We can work together to make positive change. Reform should include a reallocation of responsibilities from police to more appropriate staff. We need to look at other cities’ public safety models that have seen success in their progressive police reform systems, like Eugene, Oregon’s CAHOOTS model and Sunnyvale’s joint public safety department.
I’m also advocating for more open data on police actions and transparency in their training so we can use improved metrics to measure the police department’s efficiency. Programs like Stanford’s Open Policing Project, provides public information on police-stop data throughout the country to better analyze law enforcement’s intents and actions.
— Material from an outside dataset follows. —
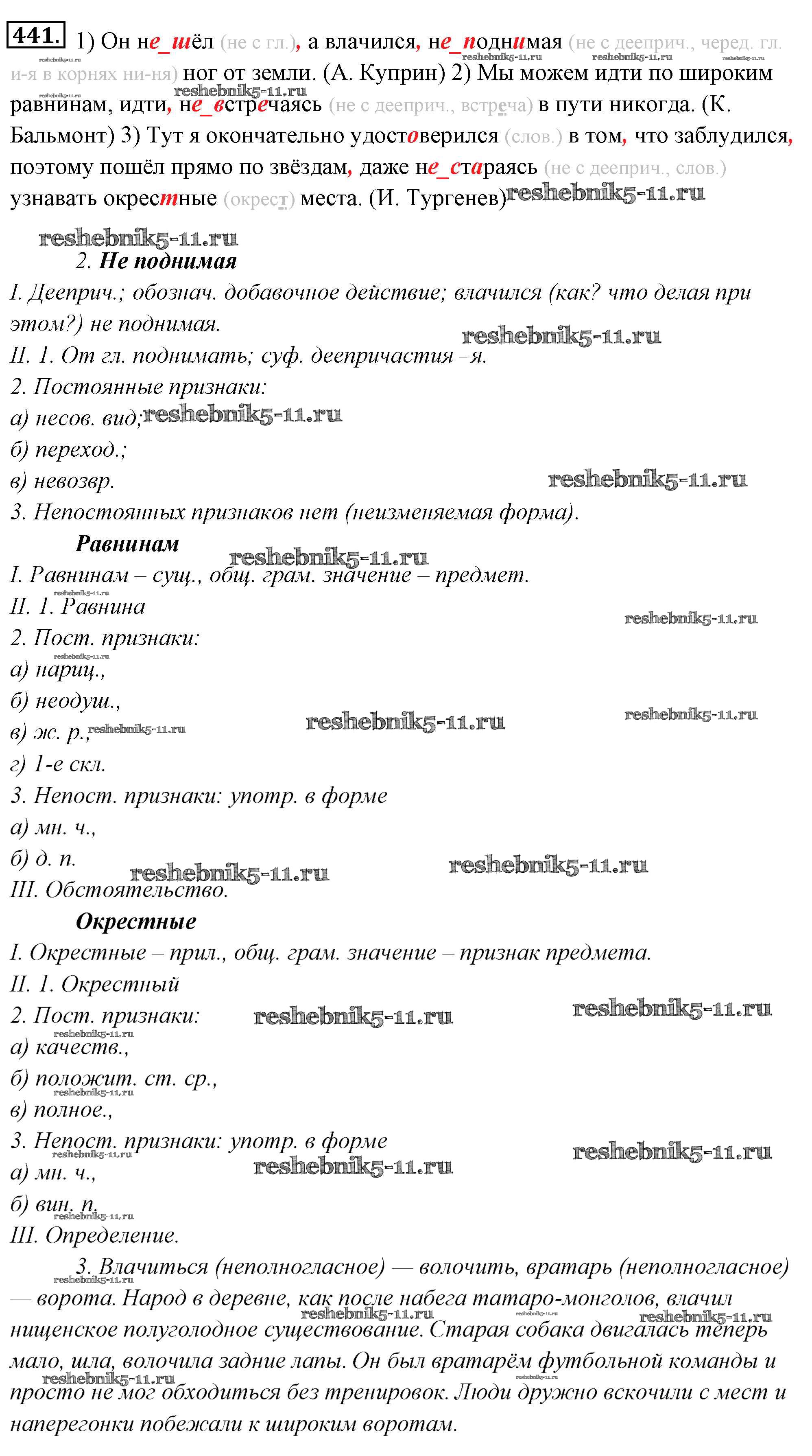 Готовая домашняя работа с ответами по Русскому языку за 6 класс Львова, Львов Учебник Часть 1, 2 Мнемозина 2013 ФГОС - Упражнения 441

As a Council liaison for Palo Alto’s Human Relations Commission, I’ve been working diligently with the Commission and minority communities to address police reform and the need for more accountability in our city. Additionally, I’ve held personal office hours with residents and other community leaders about creating proactive solutions around these issues. Check out the videos of these meetings below.
I know we can work together to make a better and safer Palo Alto.